Table 3 Receiver operating characteristic (ROC) analysis

The target urine VOCs for screening genito-urinary cancer

The researchers utilized the cut-off points obtained from Youden’s index, as presented in Table 3, to perform logistic regression analysis. The analysis revealed that all three potential VOC parameters displayed statistically significant correlations when predicting genito-urinary cancer in patients. Notably, the parameters gap1S2 and SL1S2 exhibited collinearity, meaning they had similar characteristics, as evidenced by the consistent results from logistic regression and ROC analysis. Consequently, the researchers chose to incorporate gap1S2 with a cut-off point of ≥ 30 and gap4S2 with a cut-off point of ≥ 862 to create a new biomarker for analysis. These new biomarkers were used to find a significant association when predicting genito-urinary cancer in patients, and its area under the ROC curve (AUC) was greater compared to using individual VOC parameters for the diagnosis of genito-urinary cancer, as shown in Table 4 and Fig. 2. When comparing the use of the combined parameters gap1S2 and gap4S2 with the individual parameters gap1S2 and gap4S2, the AUC was found to be 0.72, 0.64, and 0.67, respectively. All three of these parameters were statistically significant in their predictive capabilities (P < 0.05).

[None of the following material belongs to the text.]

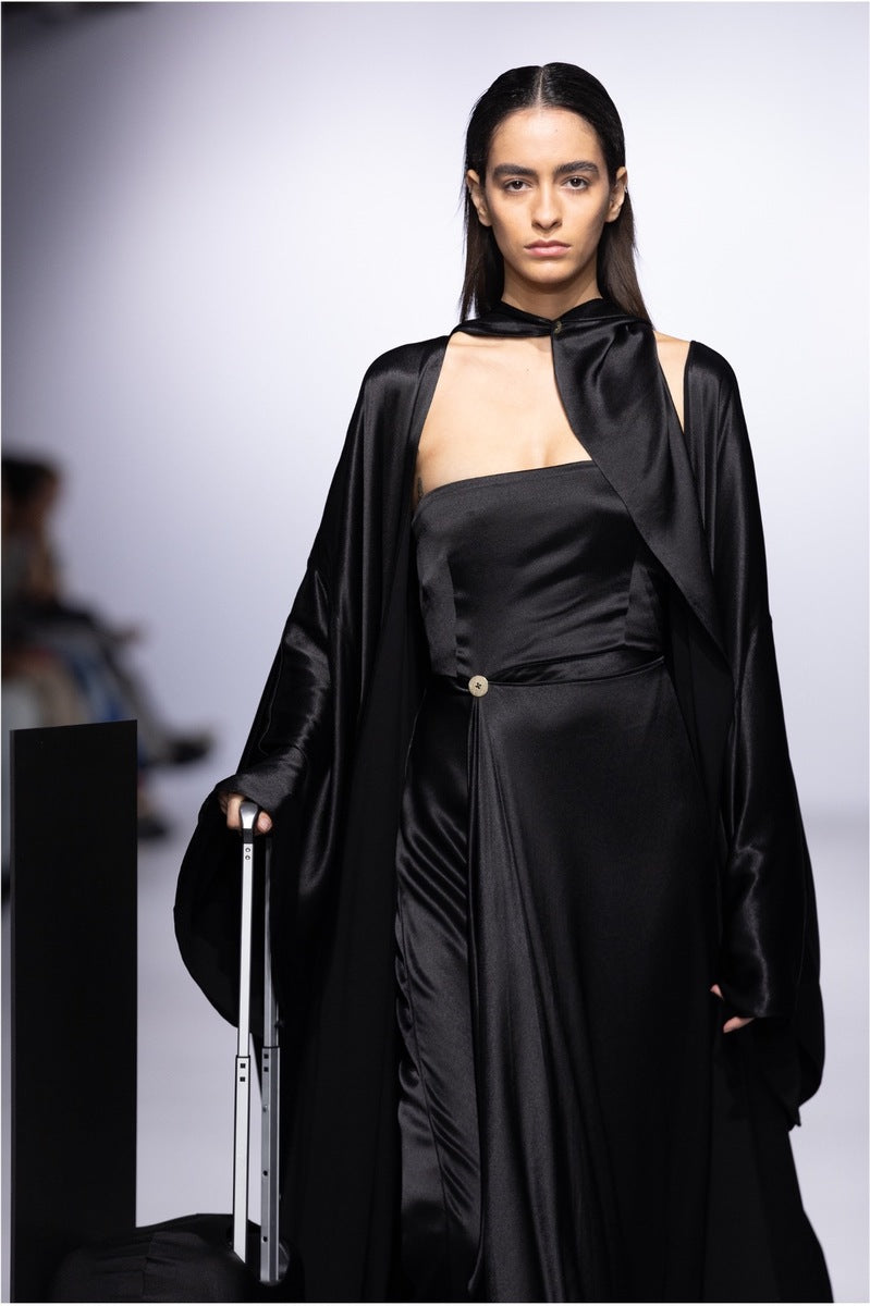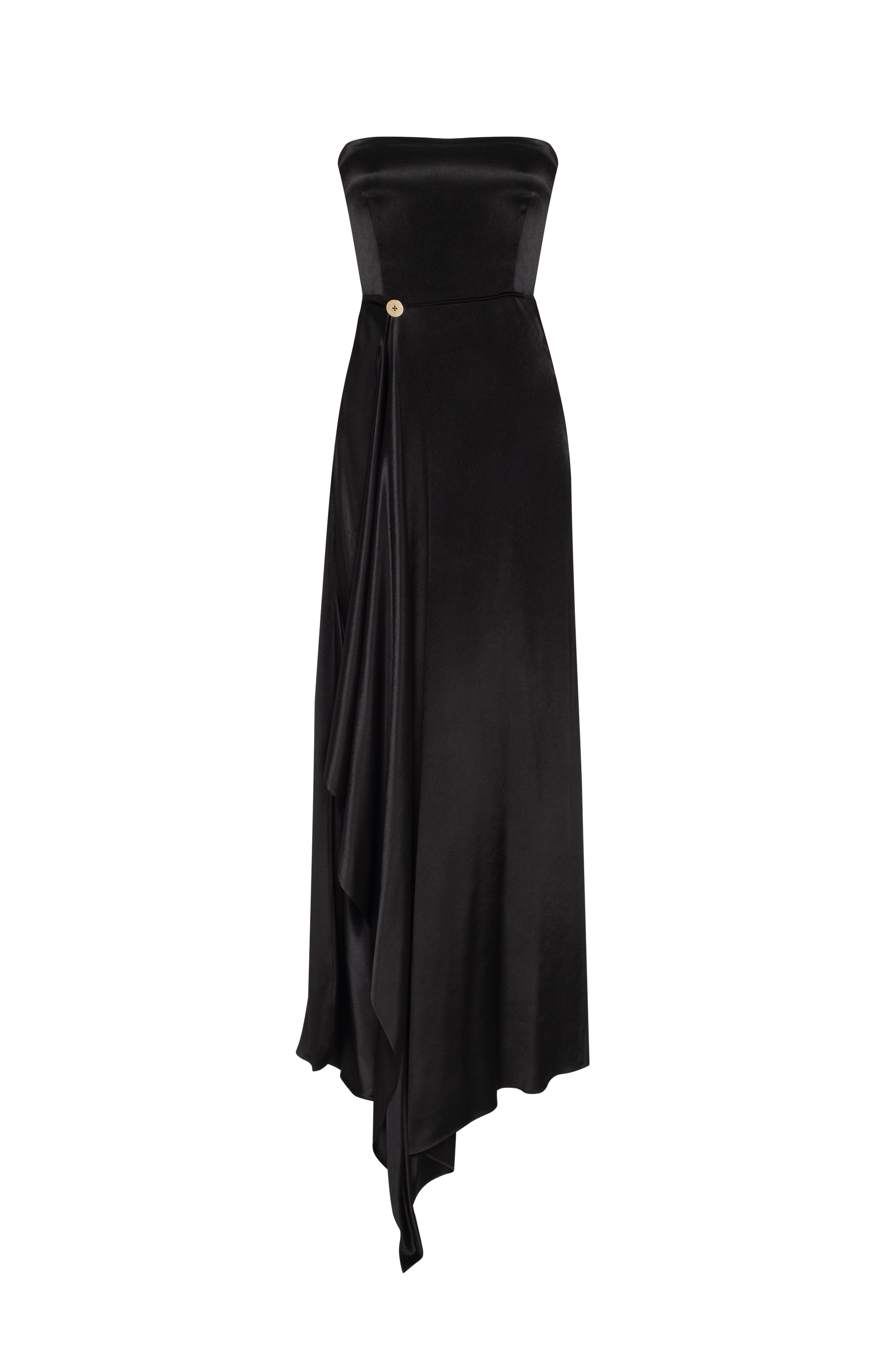 A stunning maxi dress with a structured boned bodice, featuring an overwrap asymmetric front line for a bold, modern silhouette. This design exudes elegance and confidence, perfect for making a statement at any event.

Table 4 Logistic regression and ROC analysis of potential urine VOCs for diagnosis of the genito-urinary cancer.
Figure 2
figure 2

Comparing the areas under the ROC curve (AUC); It is found that using a combination of parameters, which were “gap1S2” with a cut point ≥ 30 and “gap4S2” with a cut point ≥ 862, yields a higher AUC (0.72) compared to using VOC parameters alone in predicting the occurrence of genitourinary cancer. However, the three parameters, including “gap1S2,” “gap4S2,” and the combined parameter “gap1S2 + gap4S2,” showed statistical significance in predicting the occurrence of the disease, with p < 0.05.